### DATA FOR THIS EXERCISE
+ + + +

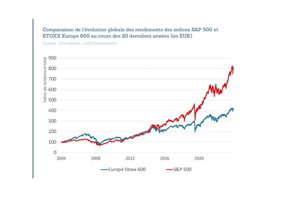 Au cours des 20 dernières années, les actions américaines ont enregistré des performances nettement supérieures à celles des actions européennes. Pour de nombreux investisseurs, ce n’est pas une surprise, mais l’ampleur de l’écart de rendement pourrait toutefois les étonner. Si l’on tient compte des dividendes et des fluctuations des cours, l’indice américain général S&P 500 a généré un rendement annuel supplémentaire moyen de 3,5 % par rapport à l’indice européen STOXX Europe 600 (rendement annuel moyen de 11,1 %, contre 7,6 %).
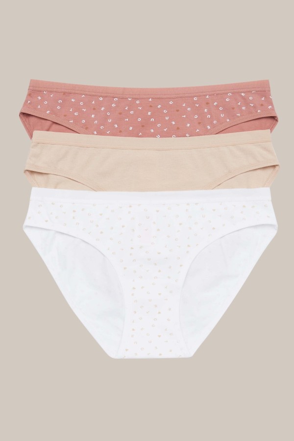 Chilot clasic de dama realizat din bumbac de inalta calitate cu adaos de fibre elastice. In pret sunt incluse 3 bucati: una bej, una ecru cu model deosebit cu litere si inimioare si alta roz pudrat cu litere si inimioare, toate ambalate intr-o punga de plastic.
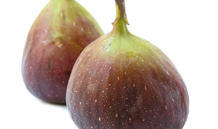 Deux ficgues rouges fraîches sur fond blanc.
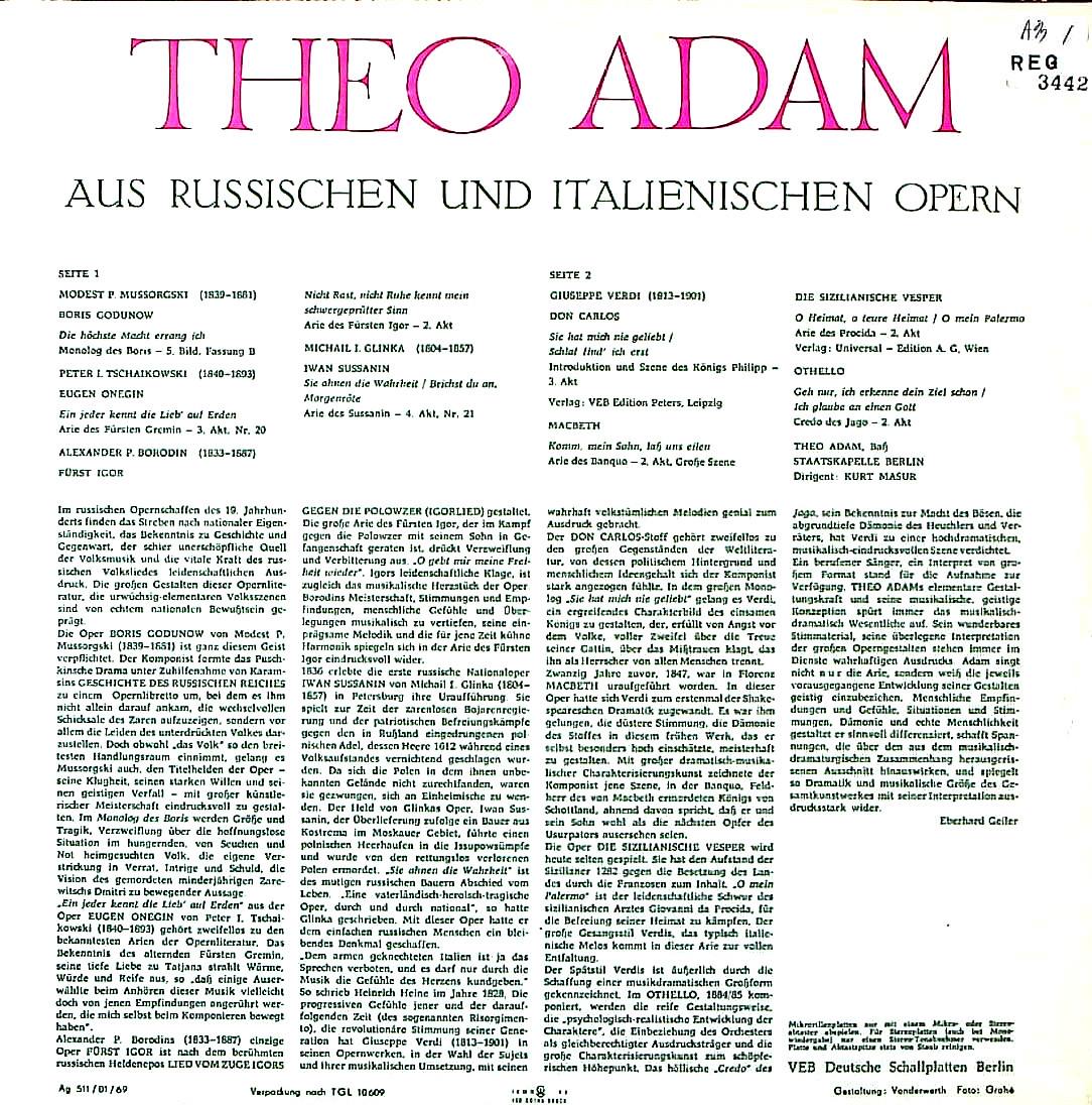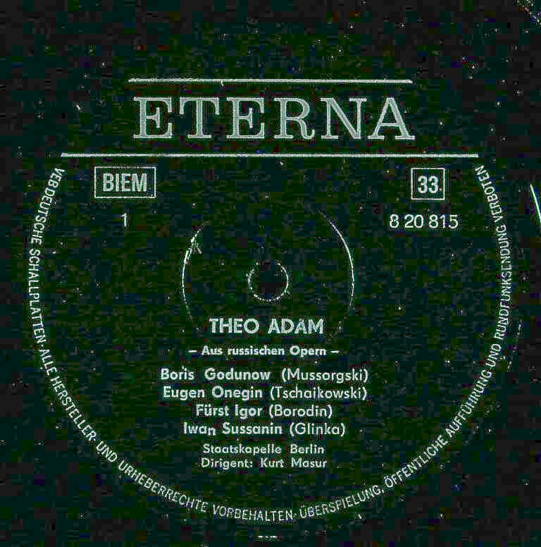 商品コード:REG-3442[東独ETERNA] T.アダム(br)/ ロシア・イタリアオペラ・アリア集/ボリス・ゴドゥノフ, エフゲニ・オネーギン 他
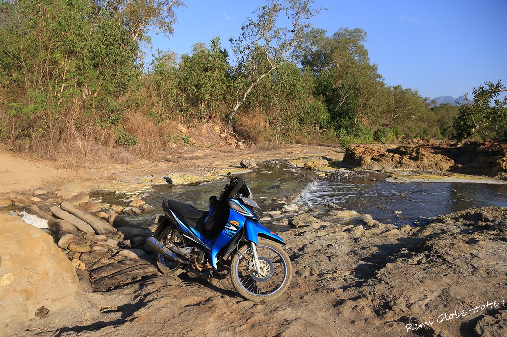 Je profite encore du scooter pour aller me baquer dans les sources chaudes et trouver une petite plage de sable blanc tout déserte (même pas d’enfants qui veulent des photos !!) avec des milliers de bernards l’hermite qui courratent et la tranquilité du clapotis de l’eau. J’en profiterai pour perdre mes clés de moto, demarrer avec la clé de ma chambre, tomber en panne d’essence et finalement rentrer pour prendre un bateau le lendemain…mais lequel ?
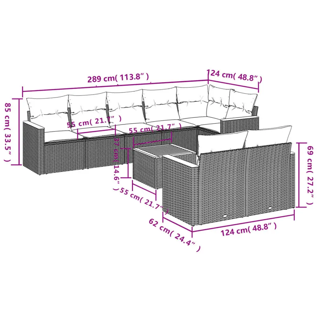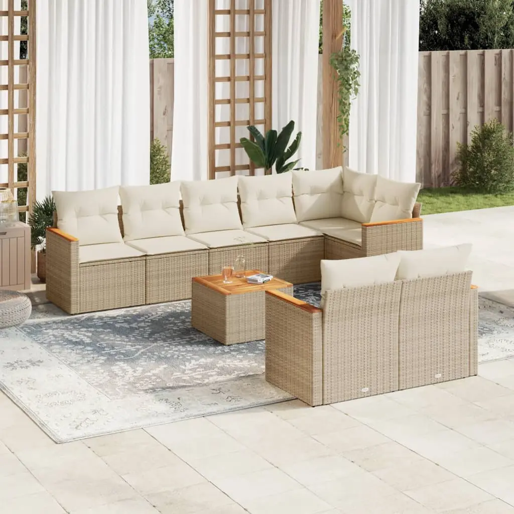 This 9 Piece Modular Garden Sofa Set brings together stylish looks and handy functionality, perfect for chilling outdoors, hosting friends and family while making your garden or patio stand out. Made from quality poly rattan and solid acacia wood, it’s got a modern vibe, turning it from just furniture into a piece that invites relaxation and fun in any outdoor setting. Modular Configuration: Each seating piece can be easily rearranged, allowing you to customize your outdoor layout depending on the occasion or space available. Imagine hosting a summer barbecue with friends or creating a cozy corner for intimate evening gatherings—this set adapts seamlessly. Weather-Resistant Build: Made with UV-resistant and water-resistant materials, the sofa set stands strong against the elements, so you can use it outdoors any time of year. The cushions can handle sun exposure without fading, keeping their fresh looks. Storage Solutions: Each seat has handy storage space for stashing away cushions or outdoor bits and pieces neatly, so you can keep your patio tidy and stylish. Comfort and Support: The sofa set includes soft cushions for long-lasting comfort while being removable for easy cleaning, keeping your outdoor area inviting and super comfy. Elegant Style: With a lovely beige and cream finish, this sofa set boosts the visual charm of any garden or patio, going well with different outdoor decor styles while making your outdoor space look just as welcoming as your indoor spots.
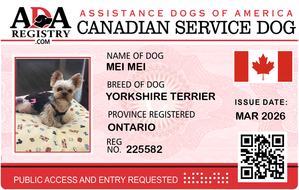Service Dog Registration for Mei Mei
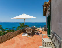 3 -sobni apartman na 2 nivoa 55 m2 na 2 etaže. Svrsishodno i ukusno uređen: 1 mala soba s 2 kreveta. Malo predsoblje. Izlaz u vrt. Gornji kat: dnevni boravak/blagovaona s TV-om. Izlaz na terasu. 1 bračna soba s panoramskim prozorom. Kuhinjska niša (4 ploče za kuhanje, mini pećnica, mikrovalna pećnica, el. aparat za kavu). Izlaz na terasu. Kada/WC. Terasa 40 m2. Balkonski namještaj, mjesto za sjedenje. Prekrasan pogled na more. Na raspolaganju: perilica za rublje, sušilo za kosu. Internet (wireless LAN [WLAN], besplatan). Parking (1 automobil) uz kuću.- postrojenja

+ + + +

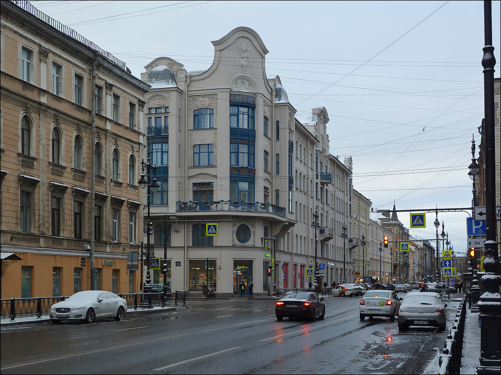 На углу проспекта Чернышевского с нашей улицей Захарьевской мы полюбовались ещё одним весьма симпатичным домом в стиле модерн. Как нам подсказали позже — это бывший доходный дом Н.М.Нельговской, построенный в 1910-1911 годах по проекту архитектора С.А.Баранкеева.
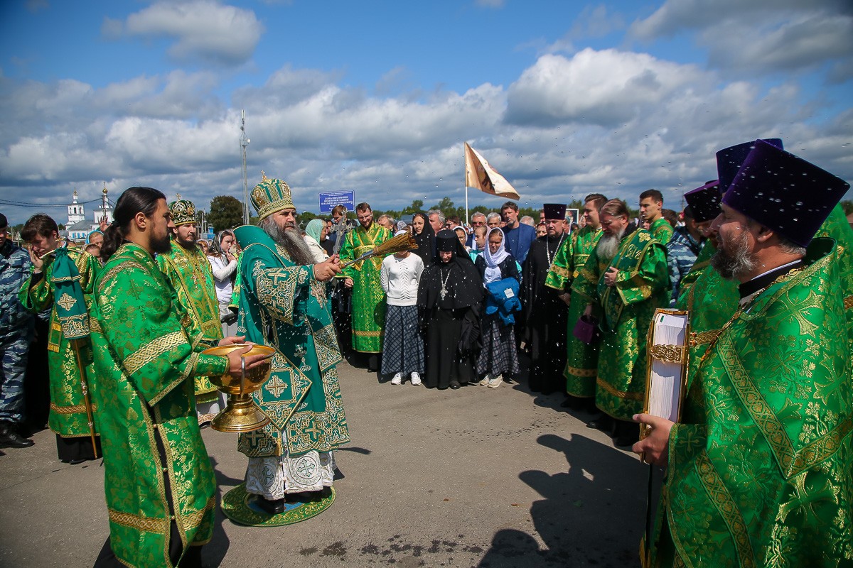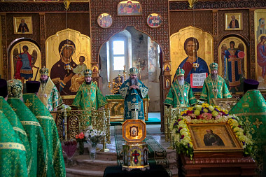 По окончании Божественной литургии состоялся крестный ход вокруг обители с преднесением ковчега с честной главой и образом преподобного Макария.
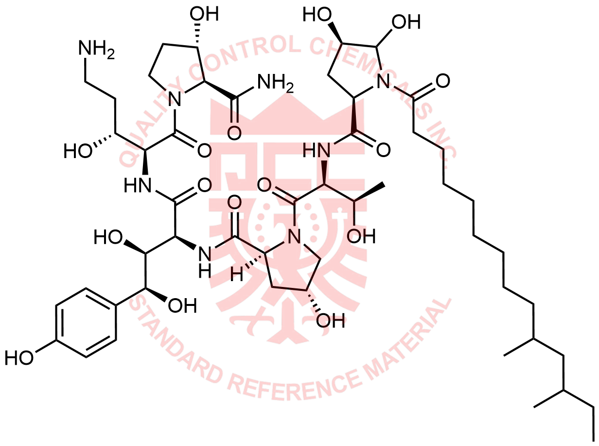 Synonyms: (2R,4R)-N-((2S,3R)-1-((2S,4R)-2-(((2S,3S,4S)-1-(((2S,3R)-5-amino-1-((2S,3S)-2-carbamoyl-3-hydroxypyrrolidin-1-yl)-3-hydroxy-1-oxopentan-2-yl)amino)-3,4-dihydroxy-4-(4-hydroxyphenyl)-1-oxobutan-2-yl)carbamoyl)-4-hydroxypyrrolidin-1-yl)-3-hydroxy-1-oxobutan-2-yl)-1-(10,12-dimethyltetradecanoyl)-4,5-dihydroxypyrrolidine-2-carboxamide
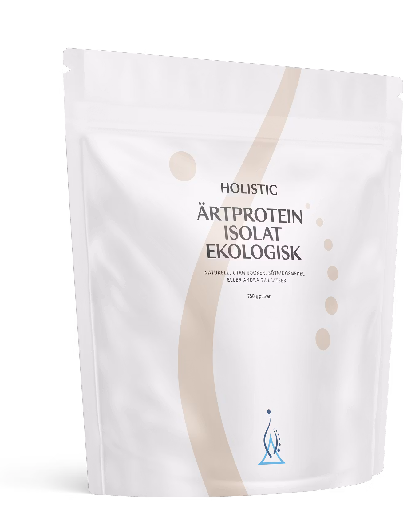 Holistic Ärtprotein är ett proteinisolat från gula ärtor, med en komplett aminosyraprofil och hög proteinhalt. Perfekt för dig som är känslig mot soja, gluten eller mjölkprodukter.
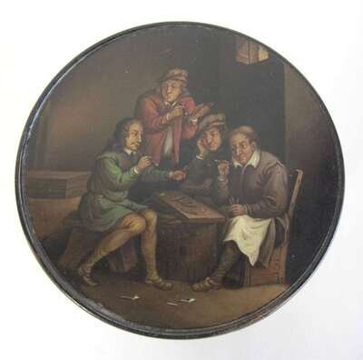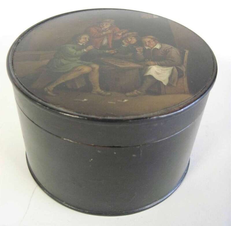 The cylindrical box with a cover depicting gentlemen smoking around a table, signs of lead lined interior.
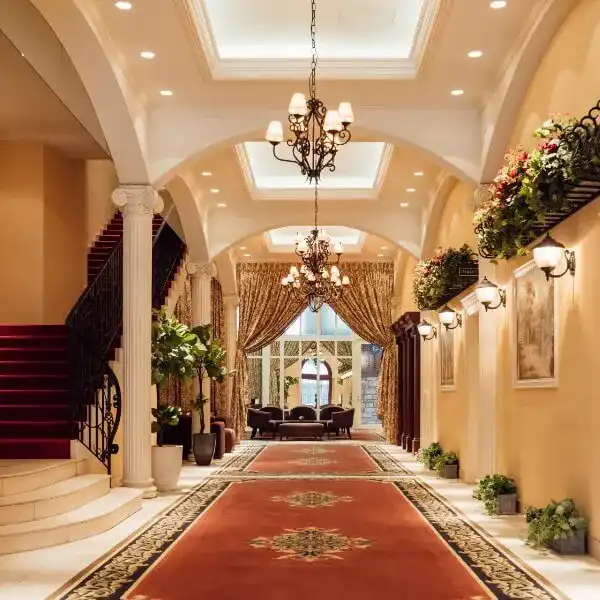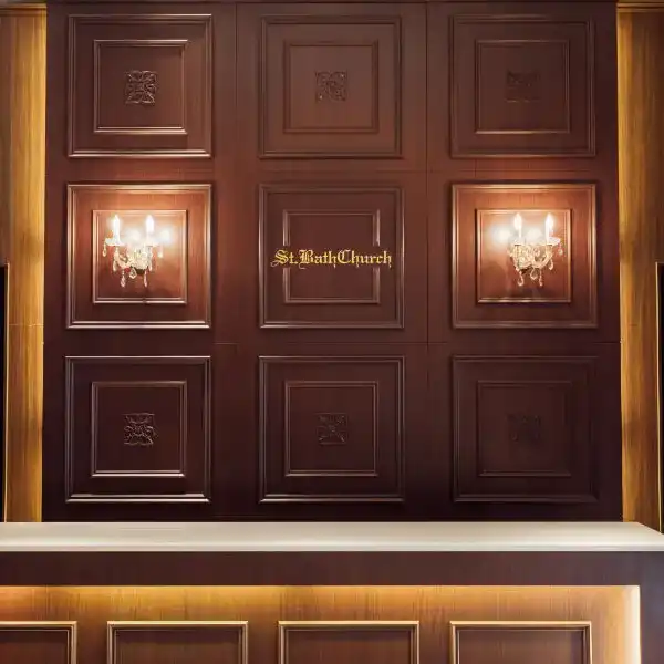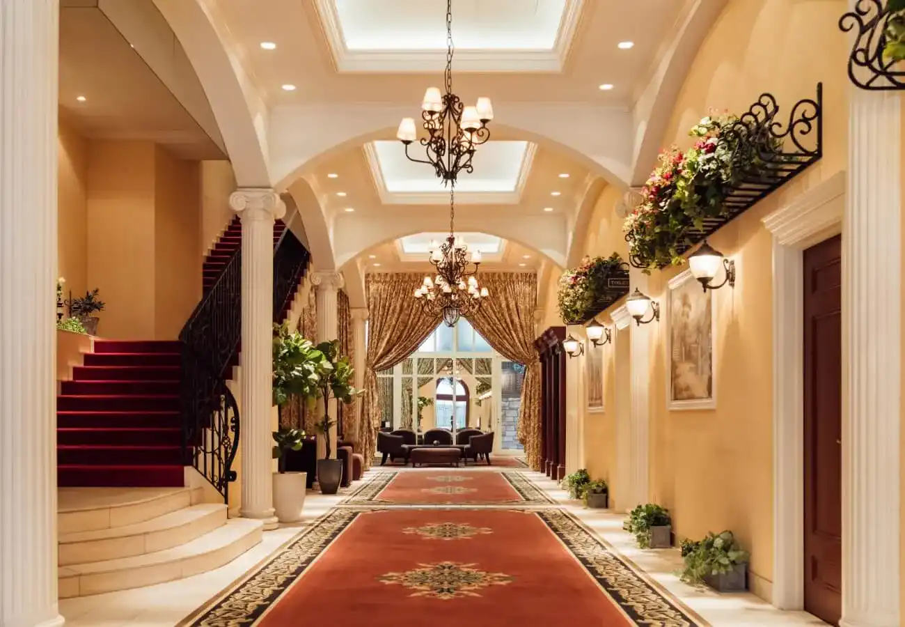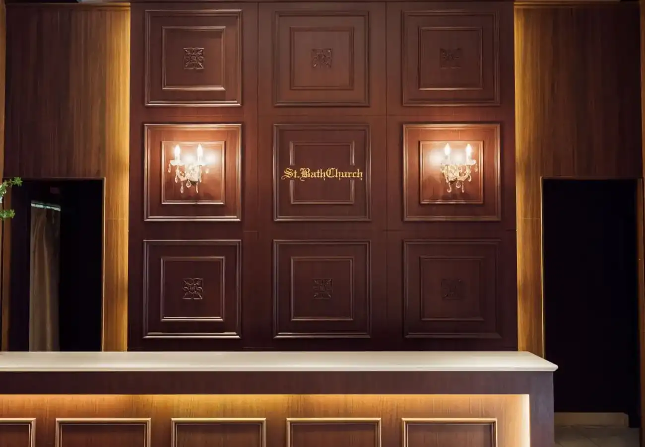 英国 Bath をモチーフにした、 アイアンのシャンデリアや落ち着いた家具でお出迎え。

+ + + +

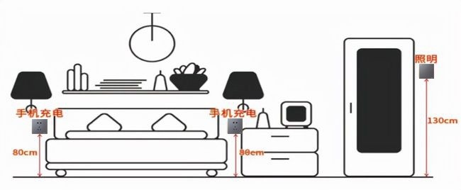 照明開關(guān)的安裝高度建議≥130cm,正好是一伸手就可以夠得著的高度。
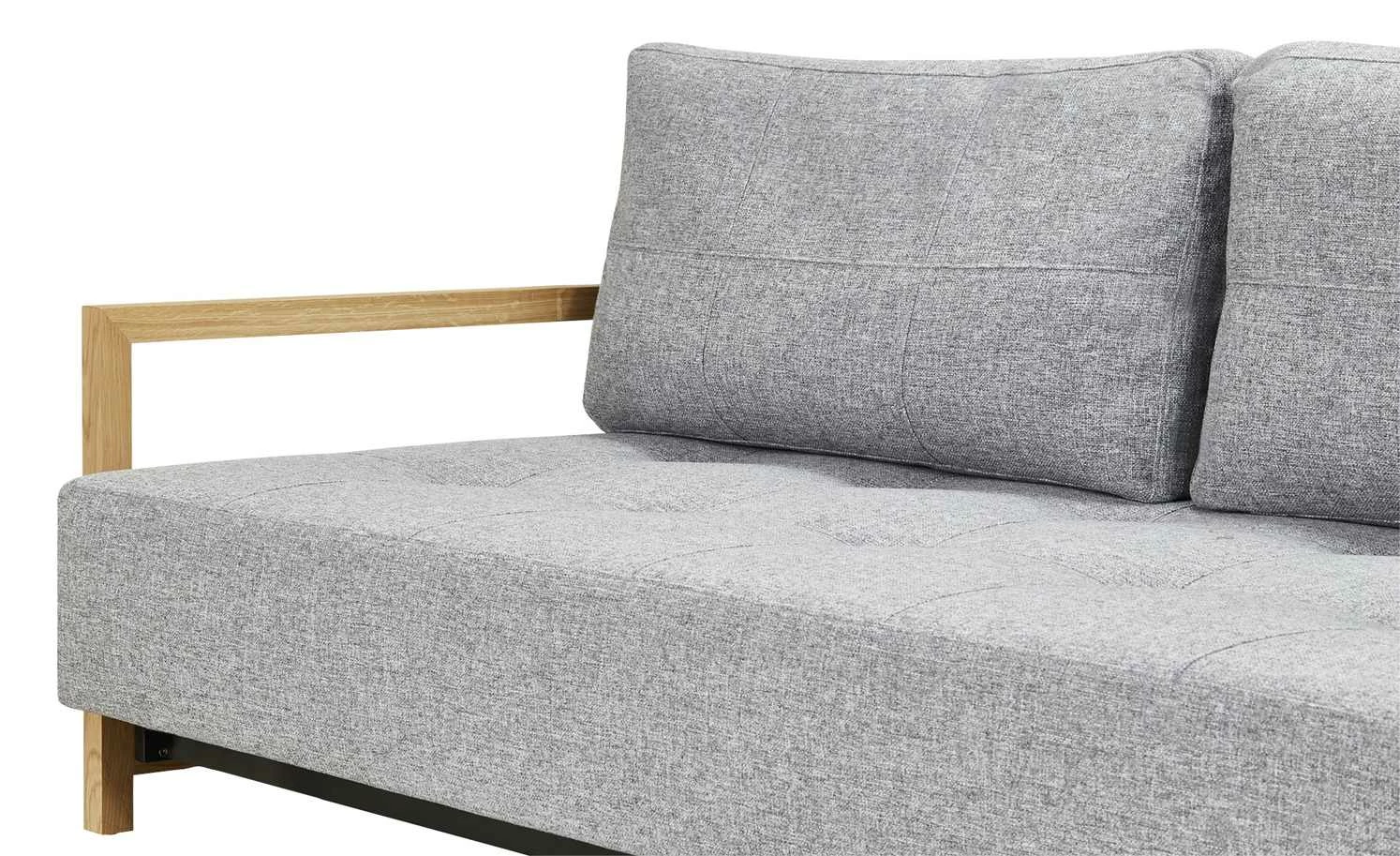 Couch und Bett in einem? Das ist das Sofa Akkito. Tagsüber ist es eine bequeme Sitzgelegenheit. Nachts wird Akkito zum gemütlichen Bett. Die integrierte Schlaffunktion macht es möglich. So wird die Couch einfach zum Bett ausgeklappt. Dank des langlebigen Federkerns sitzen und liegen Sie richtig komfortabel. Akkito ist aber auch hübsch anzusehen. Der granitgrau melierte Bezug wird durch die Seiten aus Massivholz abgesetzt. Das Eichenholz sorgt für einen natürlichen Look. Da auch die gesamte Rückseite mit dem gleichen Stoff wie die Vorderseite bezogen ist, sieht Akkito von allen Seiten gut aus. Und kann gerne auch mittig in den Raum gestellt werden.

+ + + +

Working from the data above, repeat exactly, and only, the lines that begin at the line containing "Service Dog Registration for Mei Mei" and stop after the line containing "3 -sobni apartman"; pictures are not copied.

### SOLUTION TO THE PROBLEM
Service Dog Registration for Mei Mei
 3 -sobni apartman na 2 nivoa 55 m2 na 2 etaže. Svrsishodno i ukusno uređen: 1 mala soba s 2 kreveta. Malo predsoblje. Izlaz u vrt. Gornji kat: dnevni boravak/blagovaona s TV-om. Izlaz na terasu. 1 bračna soba s panoramskim prozorom. Kuhinjska niša (4 ploče za kuhanje, mini pećnica, mikrovalna pećnica, el. aparat za kavu). Izlaz na terasu. Kada/WC. Terasa 40 m2. Balkonski namještaj, mjesto za sjedenje. Prekrasan pogled na more. Na raspolaganju: perilica za rublje, sušilo za kosu. Internet (wireless LAN [WLAN], besplatan). Parking (1 automobil) uz kuću.- postrojenja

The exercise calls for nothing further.